Chinese appetite driving demand for takeovers of Australian vitamin companies
8th July 2016
With a strong Chinese appetite driving demand for Australian branded vitamins, Chinese companies are now going a step further and looking for takeover targets.
CSPC is one of China’s leading pharmaceutical companies, listed on the Hong Kong stock exchange with a market capitalisation of $US5.3 billion, and general manager Chen Haixiang has been in Australia hunting for buying opportunities.
“There are different ways we are interested in buying brands, for example, capital connections, buying 100 per cent shares, as well as to learn the technology and company in Australia,” he said via a translator.
Fellow Chinese health companies Beijing Scrianen and Ningbo Nuscan are also on the lookout for pharmaceutical, health and pharmacy chains to buy.
“After the free trade agreement with China and Australia the economic relationship is getting a lot closer than before, and a lot of Chinese consumers are really interested in Australian quality health products, so that’s why we’re interested in buying these Australian brands,” said Mr Haixiang.
One company in their sights is Nature’s Care, a Sydney-based supplement provider, up for sale for $1 billion.
The opportunity came after its rival Swisse was sold to another Hong Kong vitamins firm, Biostime, last year for $1.7 billion.
“What’s changed for us have been all really positive things. We’ve turned into an organisation that can now take on a global opportunity,” Swisse chief executive Radek Sali told the ABC.
For a while there it was three guys based here out of Melbourne betting the house anytime we did any sort of campaign to drive sales.
Mr Sali said the Swisse team had doubled in size along with its profits, and the company has opened offices in London, Guangzhou, Hong Kong and San Diego.
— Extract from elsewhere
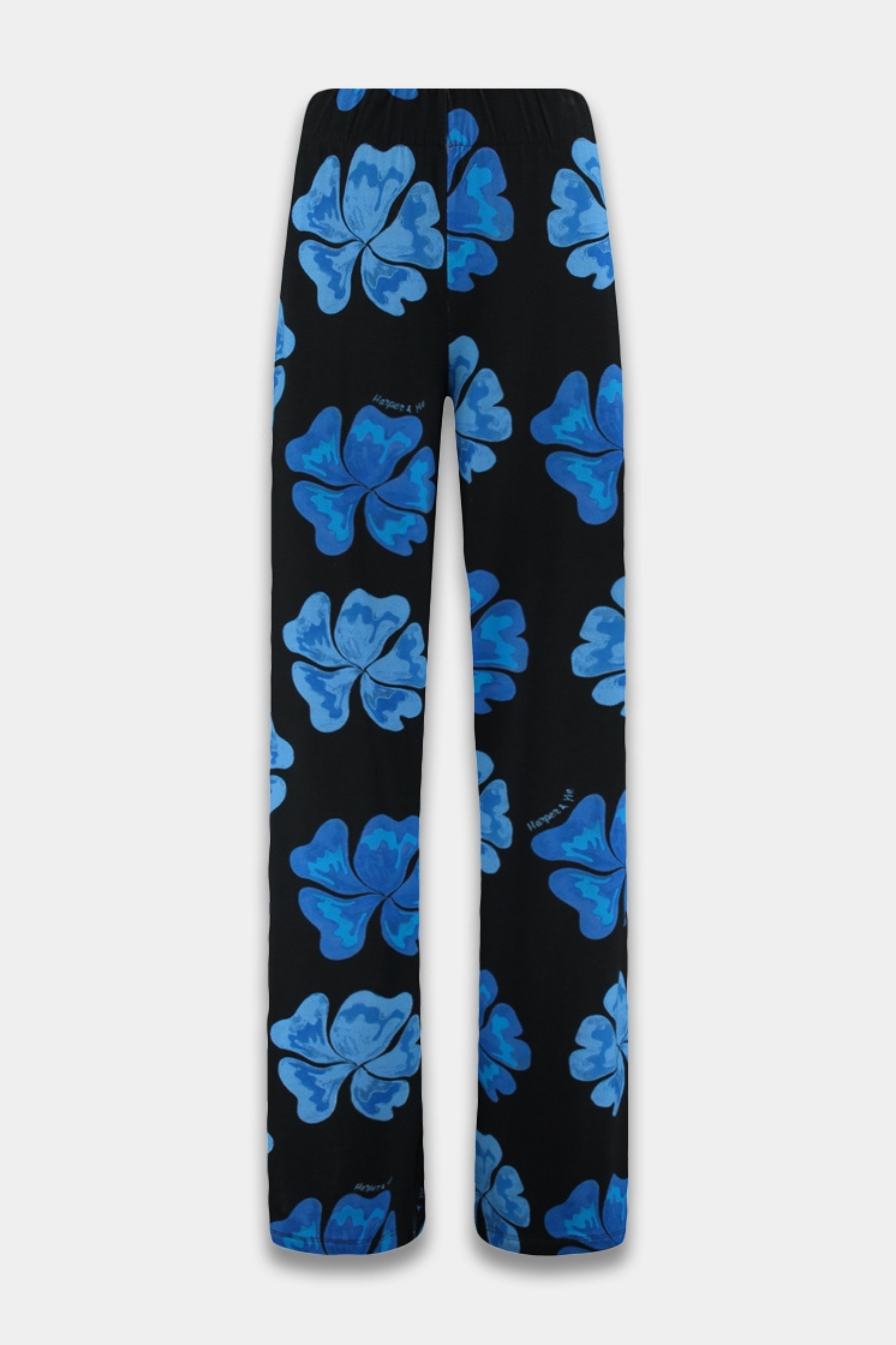 Broek Jane Blue Bloom van Harper & Yve is een opvallende wide leg broek met grote blauwe bloemenprint. De soepele stof en elastische taille zorgen voor een comfortabele, modieuze fit.

Swisse is now one of the best known health brands in China and claims to be the market leader both there and at home.
“In Australia we have about an 18 to 19 per cent market share – the Australian numbers are somewhat influenced by Chinese local consumers who are purchasing for families and sending product back,” said Mr Sali.
Grey market sales
A third of Swisse’s sales are through the grey market, where product is bought in Australia and posted to China undeclared.
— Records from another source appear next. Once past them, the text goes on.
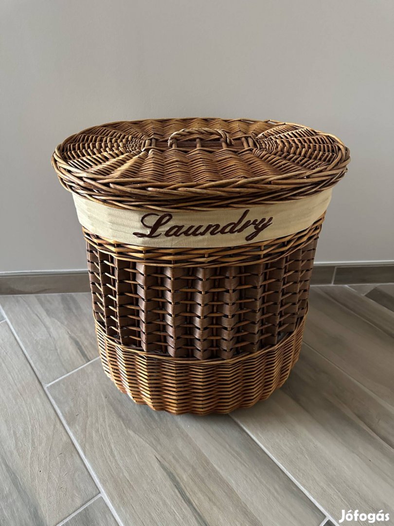 Fonott szennyeskosár fedéllel barna szennyestartó kosár
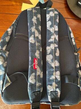 New with tags Levi's Denim Butterfly Backpack in a dark wash blue. This stylish and functional bag features an all-over white butterfly print on durable denim fabric.
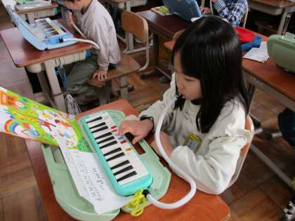 音楽科「ようすをおもいうかべよう」の学習では、鍵盤ハーモニカを吹いたり、歌を歌ったりしました。鍵盤ハーモニカで『こぎつね』の練習をしています。指移動に注意しながら練習しています。『あのね のねずみ』の歌は、歌詞をイメージしながら楽しく歌いました。
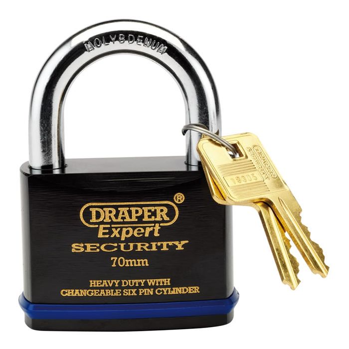 Expert Quality, solid steel body with quick change molybdenum steel shackle. Changeable six pin brass lock cylinder for servicing and rekeying. Dual stainless steel ball locking mechanism. Bumper to prevent damage to locked item. Supplied with two keys. Key blanks are available separately. Display packed.
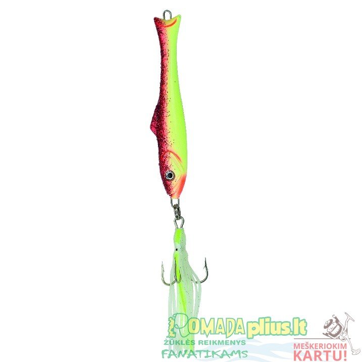 Alesund Octopus-Pirk A masterpiece of a pirk – and absolute effective as well! Lures fish like a magnet! High quality crafted pirk in 150 g for the Baltic Sea, but also in lighter sizes of 150 to 550 g for Norway. A high quality finish of brilliant colors. Mounted to the end of the powerful Mustad hook is a luminous octopus. With mounted octopus!
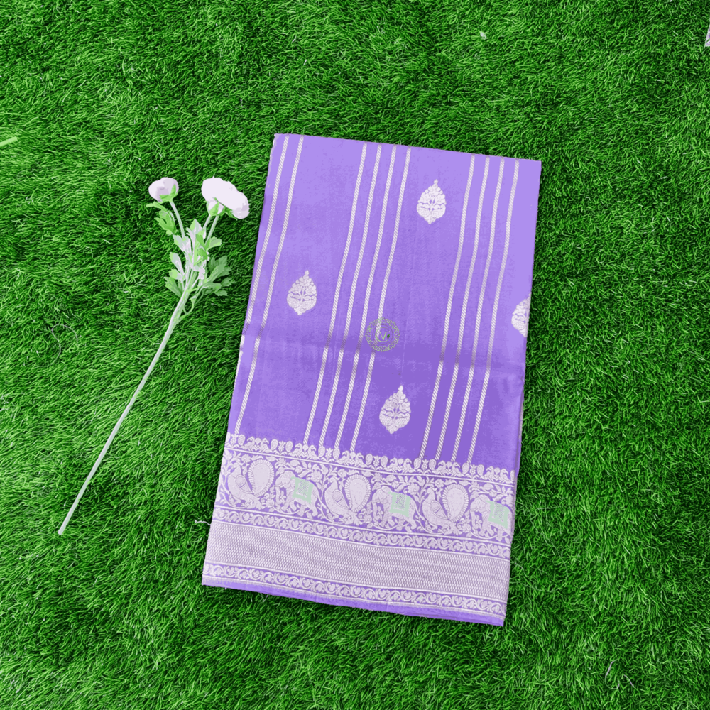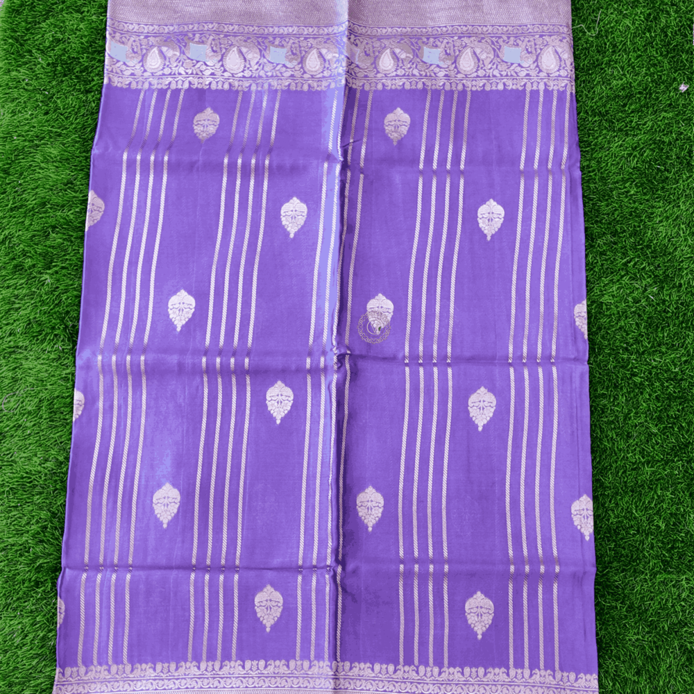 Design : Banarasi Satin Silk Lavender Colour ,d-stripes
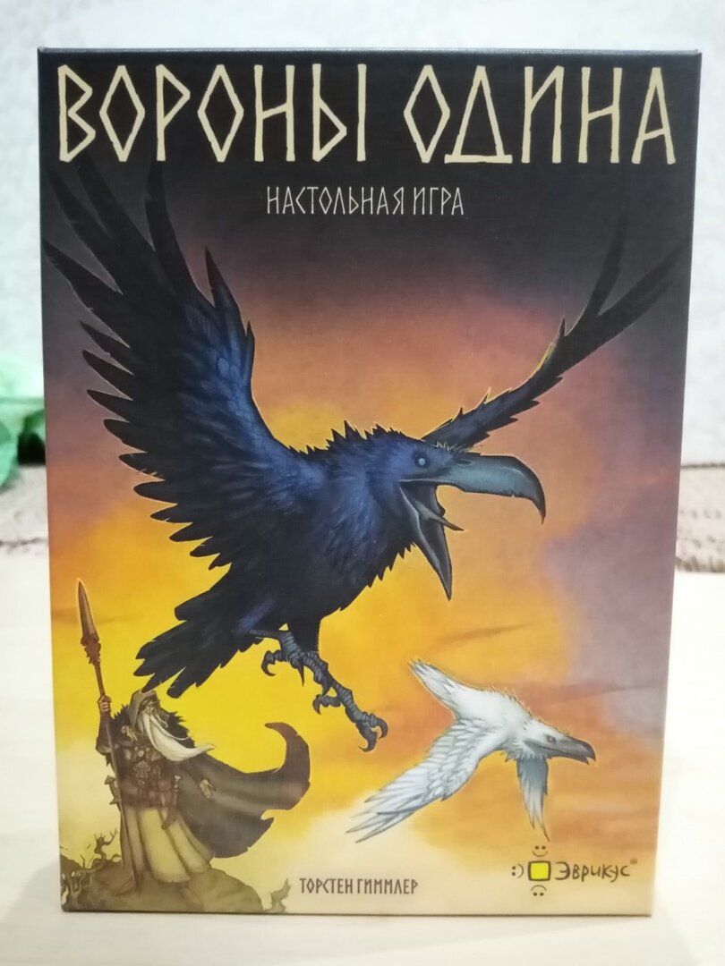 Жили да у Одина два веселых ворона, один - черный, другой - белый, два веселых ворона. И отправлялись они поутру облетать Землю. Кто из них сегодня окажется быстрее - выясним в настольной игре "Вороны Одина". "Вороны Одина" - дуэльная настольная игра-гонка. С помощью карт местности игрокам необходимо облететь вокруг Земли, опередив при этом соперника. Так-же в игре существуют карты бога Локи, которые позволят упростить задачу себе, либо сделать пакость сопернику. В коробке с игрой находятся правила, три стопки карт и две фигурки воронов. Все сделано качественно, но никаких излишеств. Сама коробка компактная, считаю за плюс. Вороны рассчитаны только на двоих игроков, время партии минут 10-15. Еще отмечу что для раскладки местности (Земли) требуется довольно длинная площадка, около метра. Правила простые, изучаются быстро. Вроде о самой игре сказать больше нечего, остались только эмоции и они положительные. Игра очень порадовала. Великолепная дуэлька за которую хочется садиться снова
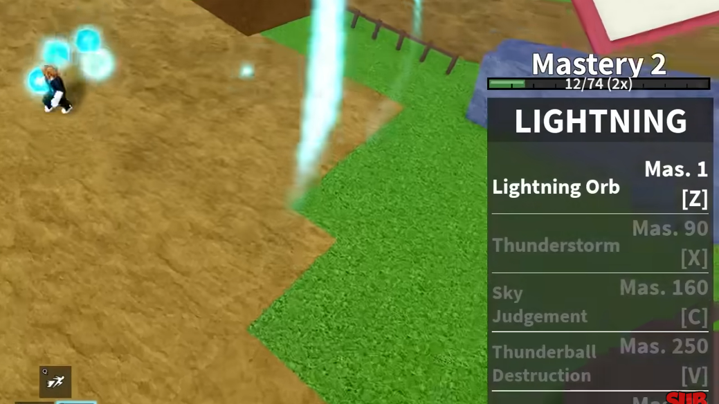The orbs provide a visual indicator of available charges. When all three orbs are present, the player can execute charged versions of certain moves. The M1 basic attack chains lightning between nearby enemies and consumes orbs when used, though it deals relatively low damage compared to the fruit's special moves.

The Chinese Government launched a crackdown on grey market sales earlier this year, doing more spot checks, while also introducing regulatory changes including a 12 per cent tax on foreign goods purchased via the internet.
“There’s probably about ten different ways that product gets into China and what the Government is trying to do is put some regulation around and some controls around what they’re referring to as some of those grey channels,” said Morgans analyst Scott Power.
For listed company Blackmores, uncertainty about the regulations has contributed to a 40 per cent drop in its share price after hitting highs of $220 a share in January.
“When you look at Blackmores, the majority of their growth has really come from China. They’ve seen their profits surge about 80 per cent in the last full-year results,” said Andrew Page, an equities analyst at the Motley Fool.
“A big part of that has been driven by China. China now accounts or China related sales now account for around 40 per cent of their sales.”
However, Morgans analyst Scott Power said there are wider issues at play, including a general re-rating of high price-to-earnings stocks.
“Eighteen months ago the share price was under $100,” he said.
“Given the fairly tight nature of the register, when it was clear sales and profits were growing well above historical levels the market really pushed the share price up perhaps to extended levels.
“We felt when the stock was above $200 we were struggling with the valuation of fundamental metrics so we felt that it was due a pullback,” he said.
While some Chinese companies may have considered Blackmores as a potential takeover target, analysts said that it is most likely still too expensive.